Abdullah için bu, daha ziyade Haşimi ailesine bir hakaret. Bir kraliyet mensubuyla yaptığım uzun görüşmenin ardından bende bu kanaat hâkim olmuştu. Haşimiler, İslam’ın her üç kutsal beldesinin de –yani Mekke, Medine ve Kudüs’ün– muhafızı oldukları geçmişi hala daha hatırlıyorlar.
Bu tarih 1924 yılıydı, Osmanlı’ya karşı [1916’da] Büyük Arap İsyanını ilan eden Arap lider Hüseyin bin Ali el-Haşimi’nin Mekke ve Medine’yi kontrolü altına aldığı [Z.T.K. ve Türkiye’de Hilafet’in ilgasından birkaç gün sonra kendisini bütün Müslümanların halifesi olarak ilan ettiği] yıl… Aynı yıl Kudüs halkı ona şehri kontrol etme hakkını vermişti. Ancak 1924’ün sonuna doğru Hüseyin, Hicaz’ı Suudi sultanı Abdülaziz bin Suud’a kaptırdı [Z.T.K. ve İngilizlerin yardımıyla sürgüne giderek canını kurtardı].
Ürdün, büyük dedesi Abdullah’ın [Z.T.K. yani Mekke Şerifi Hüseyin’in oğlu ve bugünkü Ürdün kralının babasının dedesi Abdullah’ın] fitilini ateşlediği, bugün hala “Büyük Arap İsyanı” olarak anılan süreçten geriye tek kalan [Haşimilerin kontrolündeki belde]. Haşimi ailesinin geriye kalan tek dini meşruiyet kaynağı da Mescid-i Aksa’nın muhafızlığı. [Z.T.K. Haşimilerin Hicaz krallığı 1924-1925’te Suudilerin saldırısıyla, Irak krallığı da 1958’de askeri darbeyle devrilecekti.]
32 yaşındaki yeni yetme Suudi veliaht prensi, Filistin lideri Abbas’a Kudüs’ü ve mültecilerin geri dönüş hakkını unutmasını söylerken [Z.T.K. David Hearst’ün bu konuya değindiği daha evvelki yazısını okumak için TIKLAYINIZ] Haşimilerin bilicinde tarih yeniden canlanmaktaydı. Haşimiler, Suudi Ailesiyle kan davalarını ve yıllar yıllar önce üç kutsal beldeden ikisini yitirmiş olmalarını unutmuş değiller.
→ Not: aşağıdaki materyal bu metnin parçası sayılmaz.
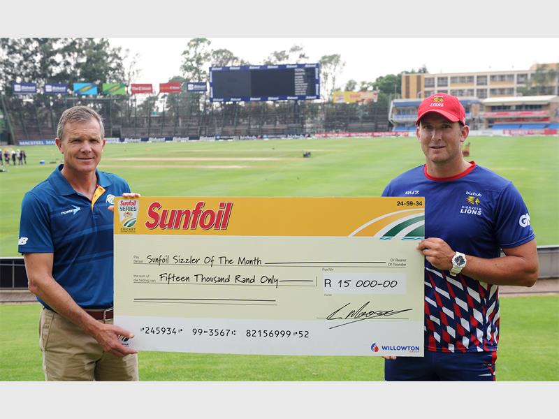 Hardus Viljoen of the bizhub Highveld Lions has bagged the Sunfoil Series Sizzler award.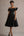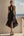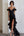 A Line Robe de travail longue en satin noir à col en V avec ceinture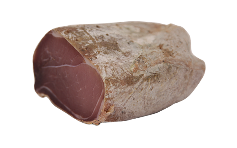 Porc élevé à Massat en Ariège. Noix de jambon tendre, séchée et légèrement fumée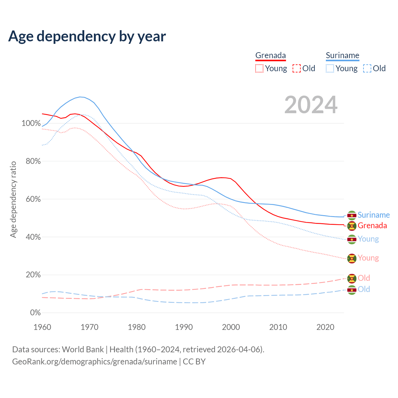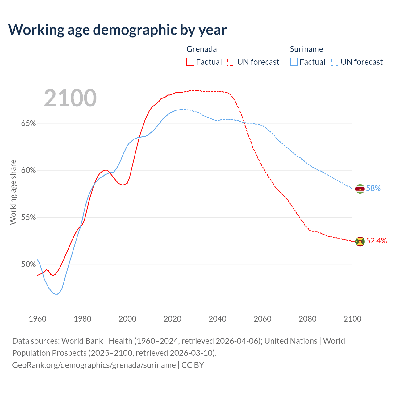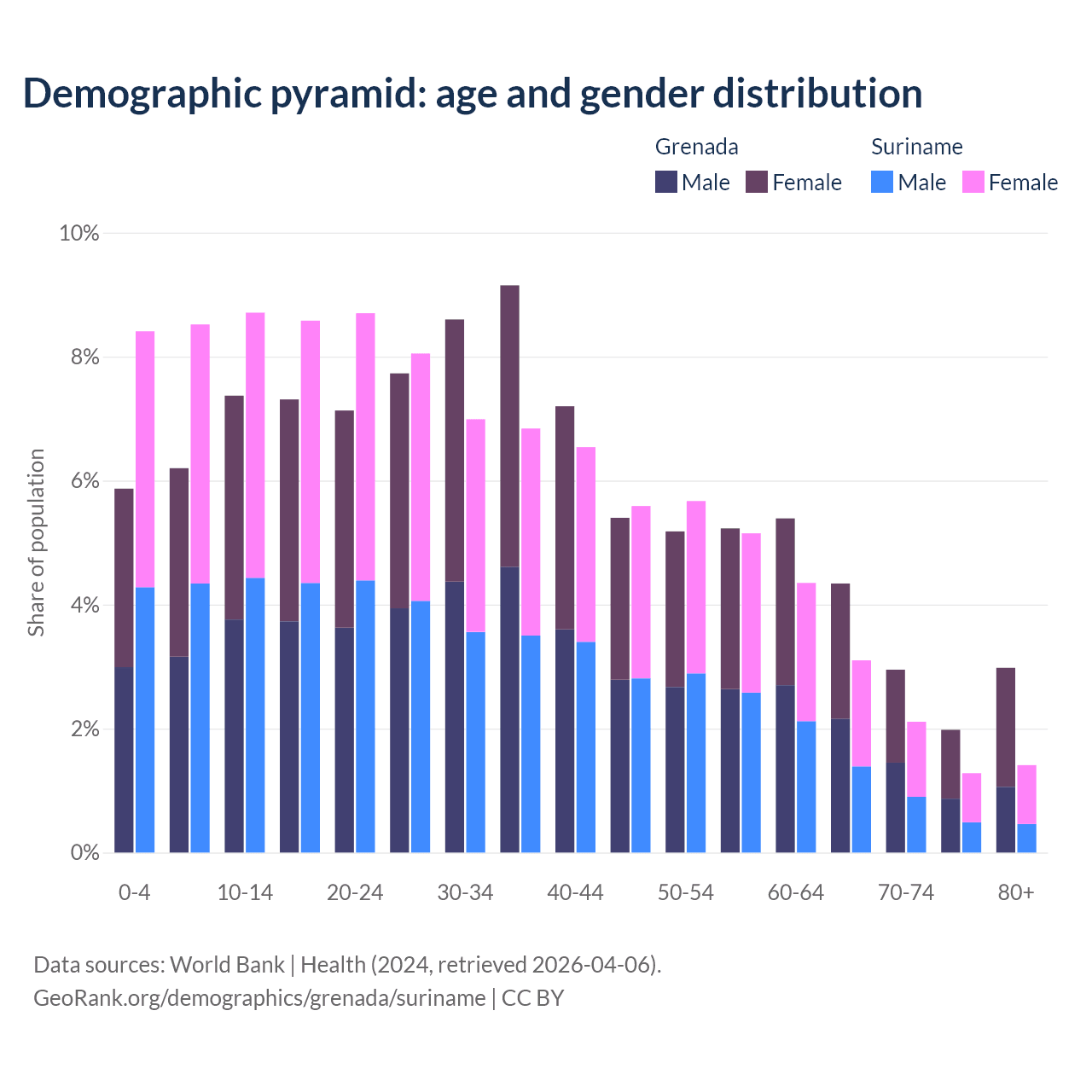 - The share of old-age demographic (65+) in Grenada is 12.2% vs 7.9% in Suriname.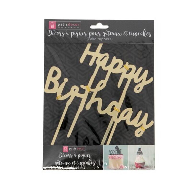 Décorez vos gâteaux d'anniversaire avec ce joli cake topper doré Happy Birthday à planter dans vos gâteaux.
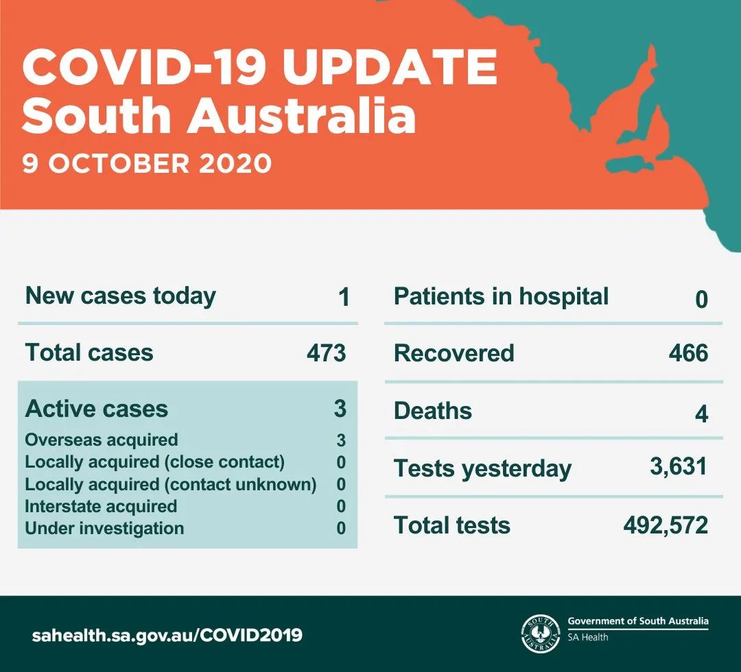 根据南澳卫生部门的通报,过去24小时里,南澳出现一名新增病例。系一名从海外返回的20多岁的男性。在检测结果确定前看,该男子一直处于酒店隔离中。卫生部门相信,该病例没有传染性,不会对公众健康产生威胁。 今天 ...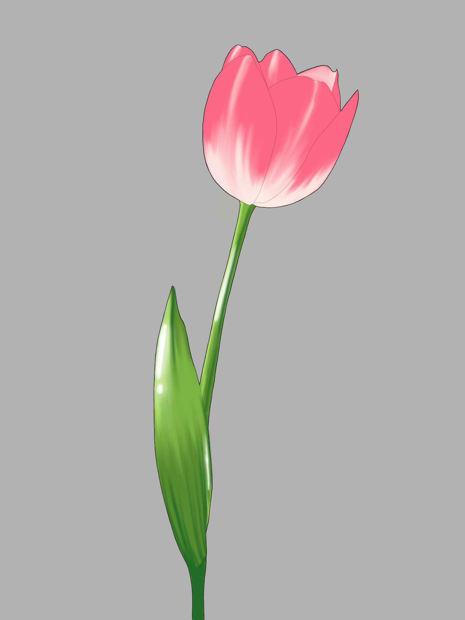 A simple and elegant pink tulip with smooth, curved petals. The flower stands on a single, smooth green stem with one long, tapered leaf.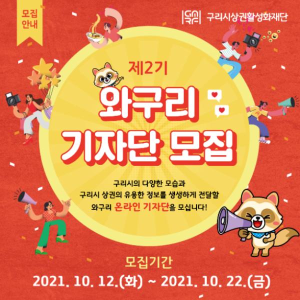 한편, ‘와구리 블로그 기자단’이라는 명칭은 구상재가 올해 3월 시민 투표를 통해 선정한 상권홍보 캐릭터의 이름인 ‘와(WOW)구리’에서 따 온 것으로, 1기 기자단 활동을 통해 100여개의 글을 포스팅하며 구리시 구도심 상권의 많은 소상공인 점포들을 홍보한 바 있다.

Hala daha bunun acısı yüreklerinde taze.
Yani Kudüs, sadece yabancı bir ülkedeki bir dış mesele değil, aynı zamanda bu ülkelerdeki yöneticilerin meşruiyetlerinin de bir sınaması/ölçüsü. Aile tarihi Abdullah’a şunu salık veriyor: Yöneticiler olarak meşruiyetlerinin temel bir unsurunun ellerinden kayıp gitmesine izin verdiklerinde onu ebediyen kaybetmiş olurlar.

Kaybeden taraf?
Ürdün Kralı Abdullah’ın tercihi kendi risklerini de içinde barındırıyor. Şüpheciler, onun bir kez daha yanlış ata oynadığını söyleyebilirler. Bütün servet, askerî kuvvetin çoğu ve ileri teknoloji karşı eksenin –yani Suudi Arabistan, BAE, İsrail ve ABD’nin– kontrolünde. Bu ülkeler bir araya geldiklerinde güçlü bir eksen oluşturuyorlar.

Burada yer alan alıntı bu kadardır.